My Sweet NashvillePosted: May 4, 2010
This is my first non-art-related blog post. As I’m sure you’ve heard by now (well, probably. we still haven’t gotten too much national news coverage), Nashville experienced intense rain this past weekend that resulted in severe flooding in many parts of the city (click here for a quick overview and some heart-wrenching images). Some Nashville landmarks, including the Opryland Hotel, Schermerhorn Symphony Center, Country Music Hall of Fame, and Grand Ole Opry House were all damaged. In addition, thousands of homes are ruined and 21 lives (and counting) were lost. I still haven’t painted over my Nashville painting, and I’m not totally sure I can bring myself to now that the city has been “painted” over in a way that is all too real.

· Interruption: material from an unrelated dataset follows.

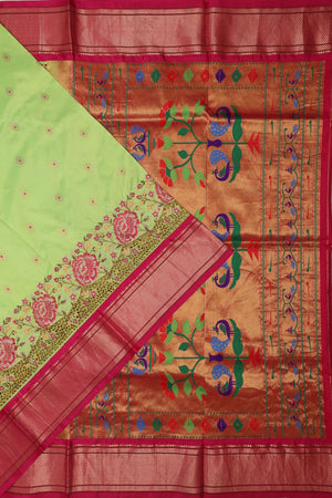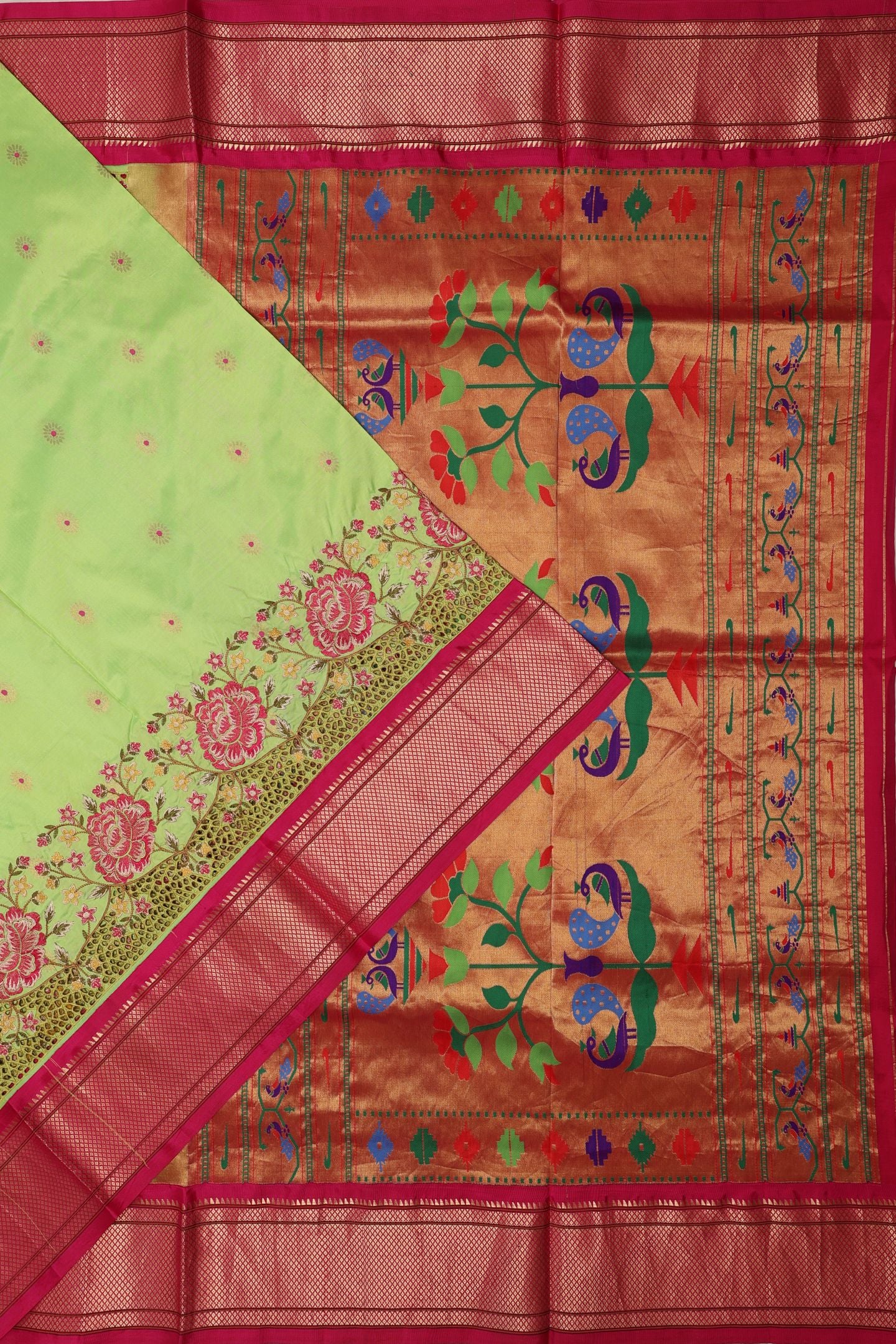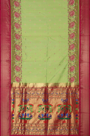 The body is enriched with all-over small golden butta. These motifs are enhanced with border-matching Meena work, where colored silk threads reflect the contrast border shades for a harmonious design flow.

I was actually out of town for the rain, but am certainly back for the aftermath. My house suffered some flooding in the basement and some minor damage, but I can’t complain after seeing what so many others are going through. I have only seen the damage downtown, which is dramatic and overwhelming. I am so sad for my sweet city. Someone today said they feel the same as they did after 9.11. I agree. It’s so surreal how much damage there is and how much sadness we are all feeling.
Amazingly, this city has united in a way I never expected. I signed up to volunteer with Hands on Nashville, but haven’t yet been able to participate in any of their flood relief activities because the spots are filling so quickly. People seem to be giving money, necessities, and their time in droves. There haven’t been any stories of crime or looting. Amazing.
If you’d like to help get the city back up and running, all of us Nashvillians would be so appreciative. There are lots of places to donate money, but here are some that I am more familiar with:
Second Harvest Food Bank– Every dollar donated provides FOUR meals for hungry Nashvillians, and unfortunately the number of hungry Nashvillians has increased in the past few days.
The Bridge Bunch– Nashville has an extensive Tent City that housed many of our homeless. Unfortunately it was washed away with the floods. The Bridge Bunch provides food, clothing, and assistance to these Tent City citizens on a daily basis. Your monetary contribution will help them to buy new tents, clothes, sleeping bags, pots and pans, etc. for these guys who literally have lost everything.
Red Cross– Text REDCROSS to 90999 to donate $10 to the Nashville Disaster Relief Fund. You can also donate online.
The Community Foundation of Middle Tennessee– In partnership with Davidson County’s Office of Emergency Management, The Community Foundation of Middle Tennessee has activated its Metro Nashville Disaster Response Fund to help to those affected by the floods.
Thank you so much for anything you can contribute, and please continue keeping our city in your thoughts and prayers.